You Xinda, Xiao Ke, Wu Hong, Li Yafei, Li Runlai, Yuan Jinqiu, Zhang Runnan, Zhang Zhiming, Liang Xu, Shen Jianliang, Jiang Zhongyi
Key Laboratory for Green Chemical Technology of Ministry of Education, School of Chemical Engineering and Technology, Tianjin University, Tianjin 300072, China.
Collaborative Innovation Center of Chemical Science and Engineering (Tianjin), Tianjin 300072, China.
iScience. 2021 Mar 26;24(4):102369. doi: 10.1016/j.isci.2021.102369. eCollection 2021 Apr 23.
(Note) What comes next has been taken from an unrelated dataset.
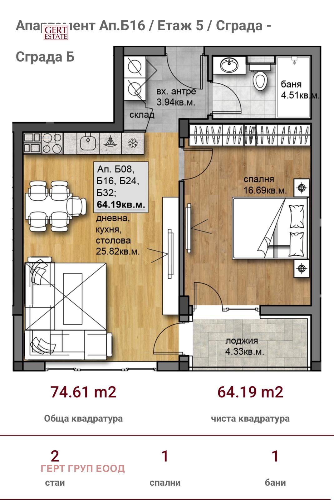 Проектирани са зелени площи и зона за отдих, осигуряващи спокойна и приятна среда за живущите и техните семейства.Предлагат се едностайни, двустайни и тристайни апартаменти, подходящи както за собствен дом, така и за инвестиция с добра възвръщаемост.
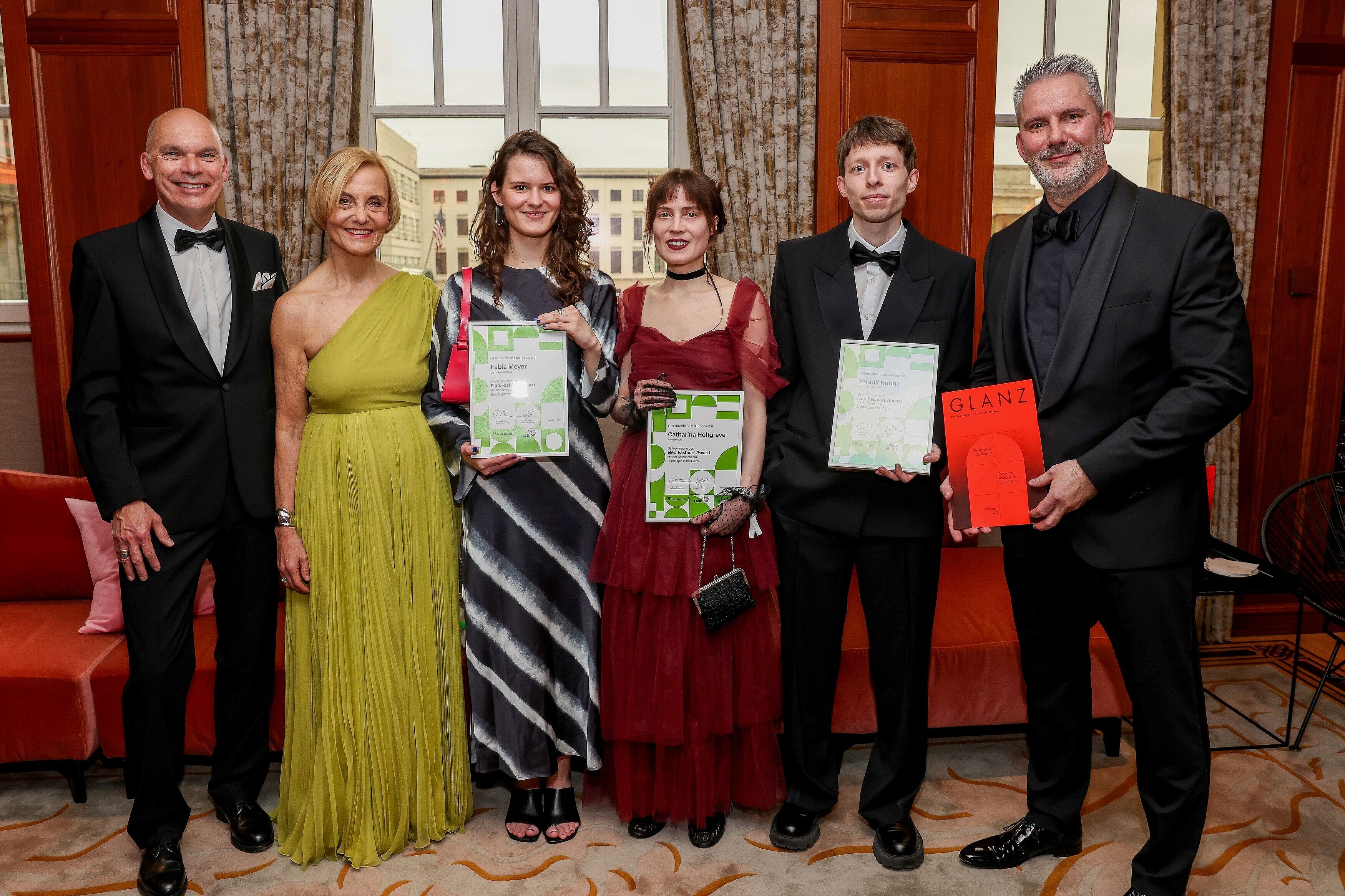 Auch in diesem Jahr hat der Gesamtverband textil+mode auf dem Bundespresseball gezeigt, dass es ausgezeichnete Talente in der Textil- und Modebranche gibt. Zusammen mit der Neo.Fashion. zeichnete der Verband Design-Newcomer aus. Mit Catharina Holtgrave (Alumna HAW Hamburg), Yannik Knorn (Hochschule Hannover) und Fabia Meyer (Hochschule Bielefeld) ehrte der Gesamtverband textil+mode die drei Gewinnerinnen und Gewinner des Neo.Fashion Award.

Interfacial polymerization (IP) is a platform technology for ultrathin membranes. However, most efforts in regulating the IP process have been focused on short-range H-bond interaction, often leading to low-permselective membranes. Herein, we report an electrostatic-modulated interfacial polymerization (eIP) supercharged phosphate-rich substrates toward ultra-permselective polyamide membranes. Phytate, a natural strongly charged organophosphate, confers high-density long-range electrostatic attraction to aqueous monomers and affords tunable charge density by flexible metal-organophosphate coordination. The electrostatic attraction spatially enriches amine monomers and temporally decelerates their diffusion into organic phase to be polymerized with acyl chloride monomers, triggering membrane sealing and inhibiting membrane growth, thus generating polyamide membranes with reduced thickness and enhanced cross-linking. The optimized nearly 10-nm-thick and highly cross-linked polyamide membrane displays superior water permeance and ionic selectivity. This eIP approach is applicable to the majority of conventional IP processes and can be extended to fabricate a variety of advanced membranes from polymers, supermolecules, and organic framework materials.
界面聚合(IP)是一种用于制备超薄膜的平台技术。然而,大多数调节IP过程的努力都集中在短程氢键相互作用上,这往往导致膜的渗透选择性较低。在此,我们报道了一种静电调制的界面聚合(eIP)方法,该方法通过富含磷酸盐的带高电荷的底物制备超渗透选择性聚酰胺膜。植酸盐是一种天然的带强电荷的有机磷酸盐,它赋予水性单体高密度的长程静电吸引力,并通过灵活的金属-有机磷酸盐配位提供可调节的电荷密度。静电吸引力在空间上富集胺单体,并在时间上减缓它们扩散到有机相中与酰氯单体聚合的速度,从而引发膜的密封并抑制膜的生长,进而制备出厚度减小且交联增强的聚酰胺膜。优化后的近10纳米厚且高度交联的聚酰胺膜表现出优异的水渗透性能和离子选择性。这种eIP方法适用于大多数传统的IP过程,并且可以扩展到由聚合物、超分子和有机框架材料制备各种先进的膜。